A: If you know the total supply airflow and the outdoor air percentage, you can derive the outdoor airflow and return airflow. For example, if total airflow is 10,000 CFM and outdoor air is 20%, then OAF = 2,000 CFM and RAF = 8,000 CFM.

Q4: Can this calculator be used for heat recovery systems?

A: While this calculator determines the mixed air temperature *before* any heat recovery, it doesn't account for the heat transfer efficiency of a heat recovery ventilator (HRV) or energy recovery ventilator (ERV). For that, you would need a more specialized AHU design guide or calculator that includes heat recovery effectiveness.

Q5: What are typical ranges for outdoor and return air temperatures?

A: Outdoor air temperatures can vary widely based on climate, from -40°F (-40°C) to over 120°F (50°C). Return air temperatures are usually kept within comfort zones, typically 68-75°F (20-24°C).

Q6: Why is the mixed air temperature important for HVAC systems?

A: The mixed air temperature is crucial because it directly dictates the heating or cooling load on the system's coils. A higher mixed air temperature requires more cooling, while a lower one requires more heating, significantly impacting energy efficiency and operating costs.

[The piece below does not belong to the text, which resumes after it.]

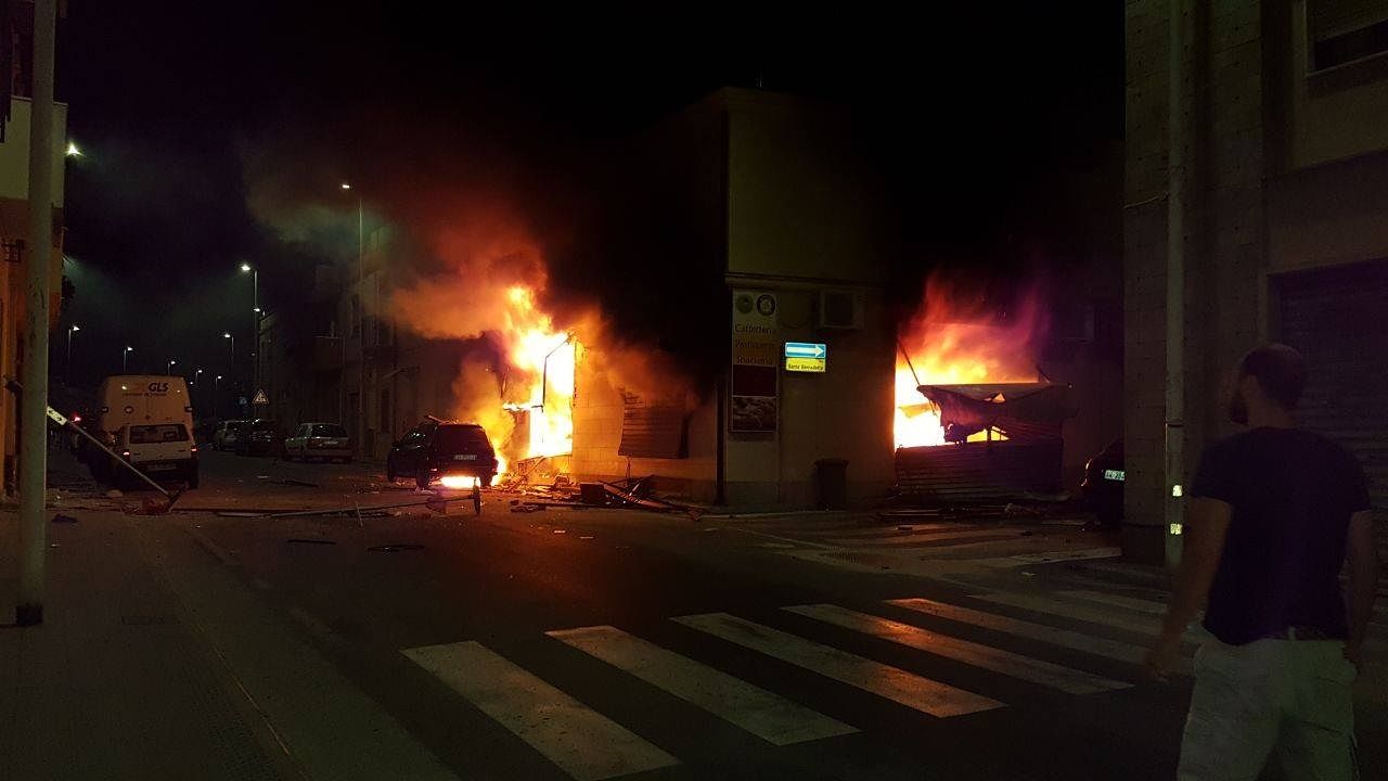 Le detonazioni si sono sentite a Pirri anche a un chilometro di distanza e hanno tenuto svegli a lungo gli abitanti. Tanti anche i curiosi accorsi sul posto, in via Toti, dove i vigili del fuoco hanno poi domato l’incendio dopo momenti di grande paura. Il bar è andato distrutto e anche un’auto parcheggiata nelle vicinanze è stata seriamente danneggiata. Guardate il VIDEO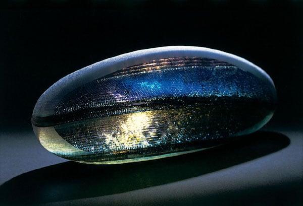 A translucent and irridescent glass shaped 'pebble' made from layers of glass through a complex process of block printing, sponging, fusing, grinding, slumping and polishing. Brian and Jenny Blanthorn are a husband and wife team who work together to create what they describe as 'unique works of art inspired by the patterns in nature'.

Q7: What happens if I enter zero for outdoor airflow?

A: If outdoor airflow is zero, the mixed air temperature will be equal to the return air temperature, as no outdoor air is being introduced. This represents a fully recirculating system.

Q8: What happens if I enter zero for return airflow?

A: If return airflow is zero, the mixed air temperature will be equal to the outdoor air temperature, as the system is operating with 100% outdoor air. This is common in certain industrial applications or economizer modes.